/AsmDepictor

Official implementation of AsmDepictor, "A Transformer-based Function Symbol Name Inference Model from an Assembly Language for Binary Reversing", In the 18th ACM Asia Conference on Computer and Communications Security AsiaCCS '2023

Primary LanguagePython

A Transformer-based Function Symbol Name Inference Model from an Assembly Language for Binary Reversing

This is the official implementation of AsmDepictor, "A Transformer-based Function Symbol Name Inference Model from an Assembly Language for Binary Reversing", In the 18th ACM Asia Conference on Computer and Communications Security AsiaCCS '2023

Figure 1. AsmDepictor architecture that consists of a stacked Transformer-based encoder and decoder. We adopt a perlayer positional embedding (at encoders) for learning the positional representation of an assembly, and a Unique-softmax function (at both encoders and decoders) for better quality of vectors per each layer, leading a high performance on a function symbol inference task.

Installation

This project has been experimented on the following specification.

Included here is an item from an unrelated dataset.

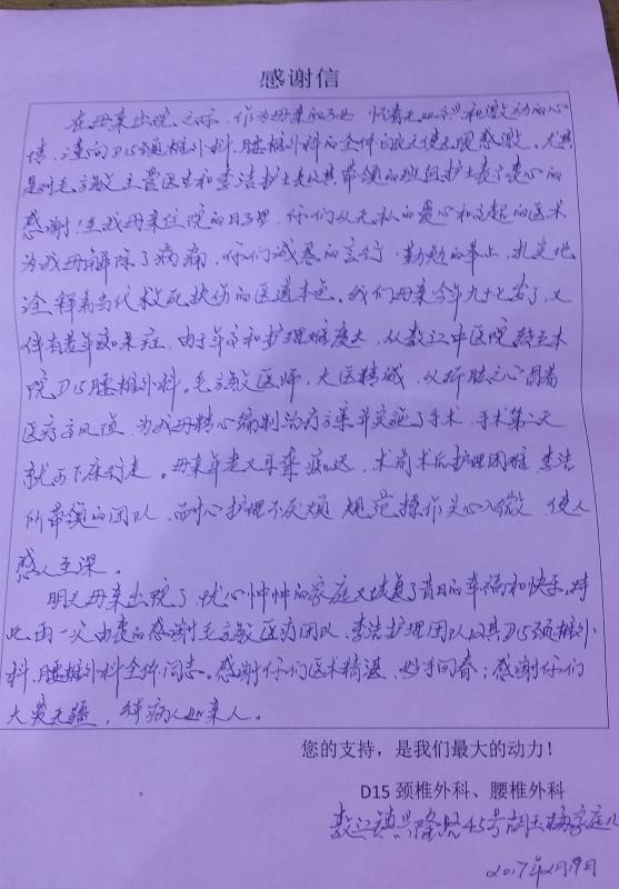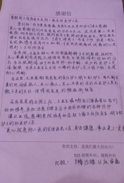 感谢D15颈椎外科、腰椎外科王向阳医师、胡飞虹护士及全体医护人员

Intel(R) Xeon(R) Gold 5218R CPU @ 2.10GHz
NVIDIA RTX A6000 (48 GB VRAM)
Ubuntu 20.04.4 LTS
Python 3.9.12
Anaconda 4.10.1
  1. Install all dependent libraries with the Conda environment.
pip install -r requirement.txt
  1. Choose the right one from https://pytorch.org/get-started/locally/ for the Pytorch library.
conda install pytorch torchvision torchaudio cudatoolkit=11.3 -c pytorch
  1. The following loads a pretrained AsmDepictor model with a prediction on a test set.
python ./load_model_extract.py
  1. You may want to learn a model from the scratch and evaluate a dataset. A tensorboard will demonstrate learning details with tensorboard --logdir=./runs. Note that you need at least 64GB of VRAM for training.
python ./learn_model_from_scratch.py
  1. Our dataset and pre-trained model can be downloaded at https://zenodo.org/record/7978756

Hyperparameter

Hyperparameter AsmDepictor with $\mathbf{DS_{N}}$ AsmDepictor with $\mathbf{DS_{A}}$
Max token length 300 300
Number of encoder layers 3 3
Number of decoder layers 3 3
Head dimension 64 64
Embedding dimension 512 512
Batch size 10 90
Attention heads 8 8
Feed forward dimension 2,048 2,048
Dropout ratio 0.1 0.1
Training epochs 150 200
Adam $\beta_1$ 0.9 0.9
Adam $\beta_2$ 0.98 0.98
Adam $\epsilon$ $10^{-9}$ $10^{-9}$
Beam size 5 5
Multiplication factor 0.8 1.0
Warmup steps 24,000 18,000
Number of parameters 32,251,910 40,004,102

Hyperparameter setting guide for your own dataset

I strongly recommend reading jadore801120/attention-is-all-you-need-pytorch#168 to fit with your own data

Performance

  • We gained a meaningful amount of performance gain after publishing our paper. We denote our updated performance evaluation for future research.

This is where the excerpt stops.